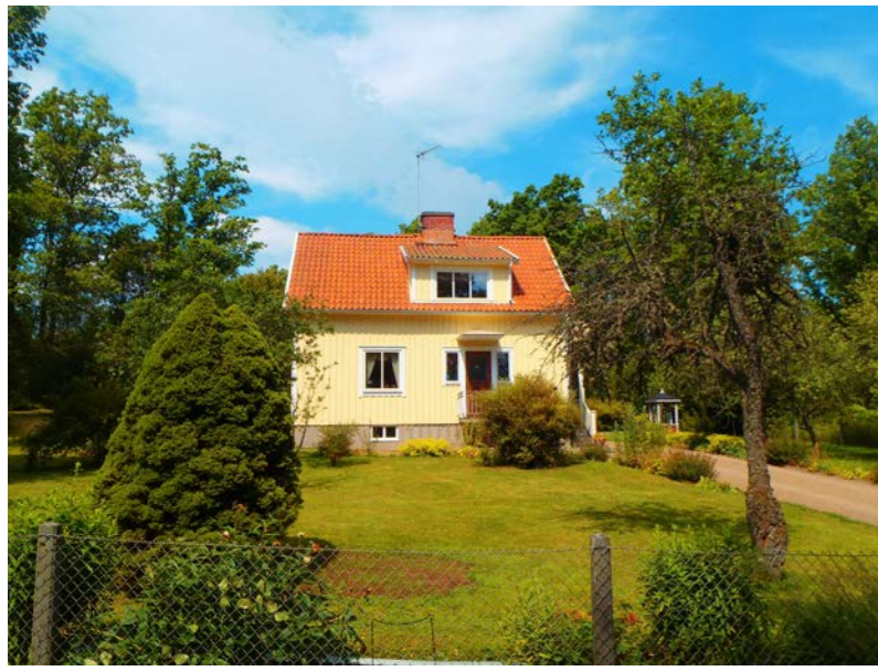
Hångers 3:3, Rödhakevägen 11

Villa med två våningar uppförd under 40-talets andra hälft. Fasadmaterialet består av stående träpanel i gul kulör. Huset har sadeltak, vilket är beklätt med betongpannor, samt en takkupa med tillhörande fönster med tre luft. Övriga fönster har två luft och är symmetriskt placerade på fasaden. Byggnaden innehåller källare.
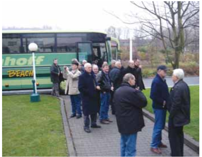
Na ulasku u proizvodni pogon u Gelsenkirshenu
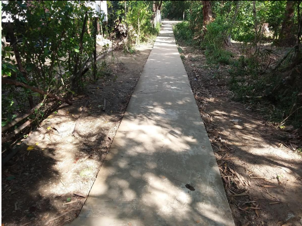
လုပ်ငန်းခွဲမစတင်မီ မှတ်တမ်းဓာတ်ပုံ
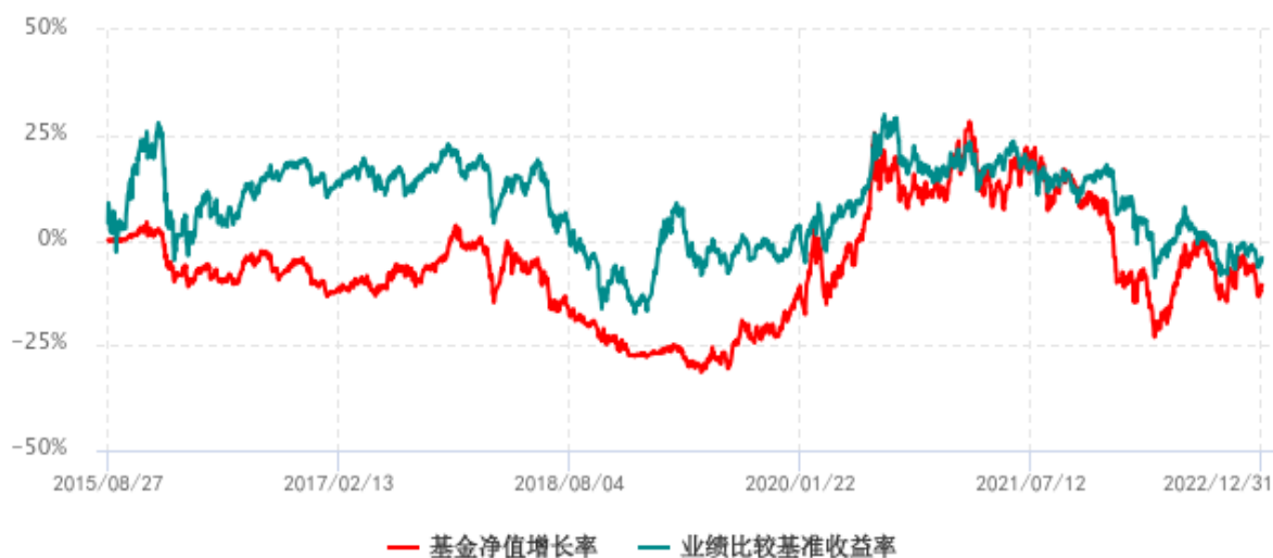
基金份额累计净值增长率与同期业绩比较基准收益率历史走势对比图 (2015年08月27日-2022年12月31日)

注：1、本基金成立于 2015 年 8 月 27 日； 2、比较基准=中证健康产业指数收益率（H30344）*80%+中证综合债指数收益率（H11009）*20%
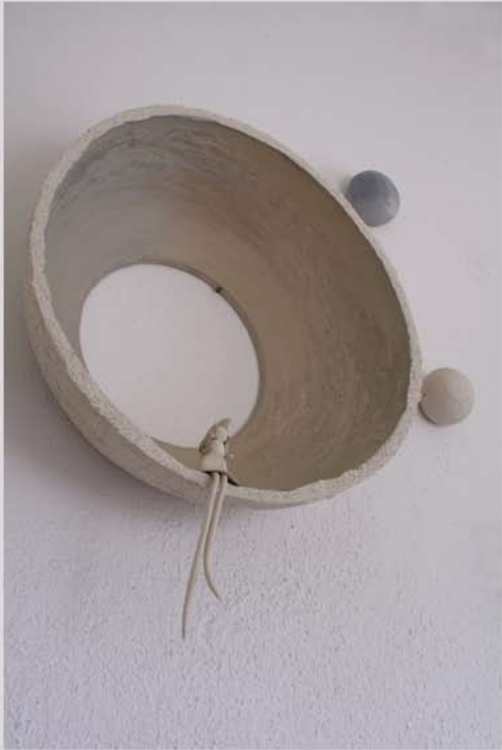
AU BORD DU MONDE, détail
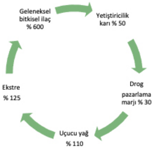
Şekil 2. Tıbbi Nane Katma Değer Döngüsü

Perakendeciler (Eczaneler, herbalistler, sağlık malzemeleri satan yerler, kozmetik ve parfümeri endüstrisi, niş perakende, farmasotik endüstrisi),

════════════════

> What needs to be done: Your copy should hold exactly the lines from the one with "基金份额累计净值增长率与同期" through the final line of the records, both ends included, and no pictures.

> Output:
基金份额累计净值增长率与同期业绩比较基准收益率历史走势对比图 (2015年08月27日-2022年12月31日)

注：1、本基金成立于 2015 年 8 月 27 日； 2、比较基准=中证健康产业指数收益率（H30344）*80%+中证综合债指数收益率（H11009）*20%
AU BORD DU MONDE, détail
Şekil 2. Tıbbi Nane Katma Değer Döngüsü

Perakendeciler (Eczaneler, herbalistler, sağlık malzemeleri satan yerler, kozmetik ve parfümeri endüstrisi, niş perakende, farmasotik endüstrisi),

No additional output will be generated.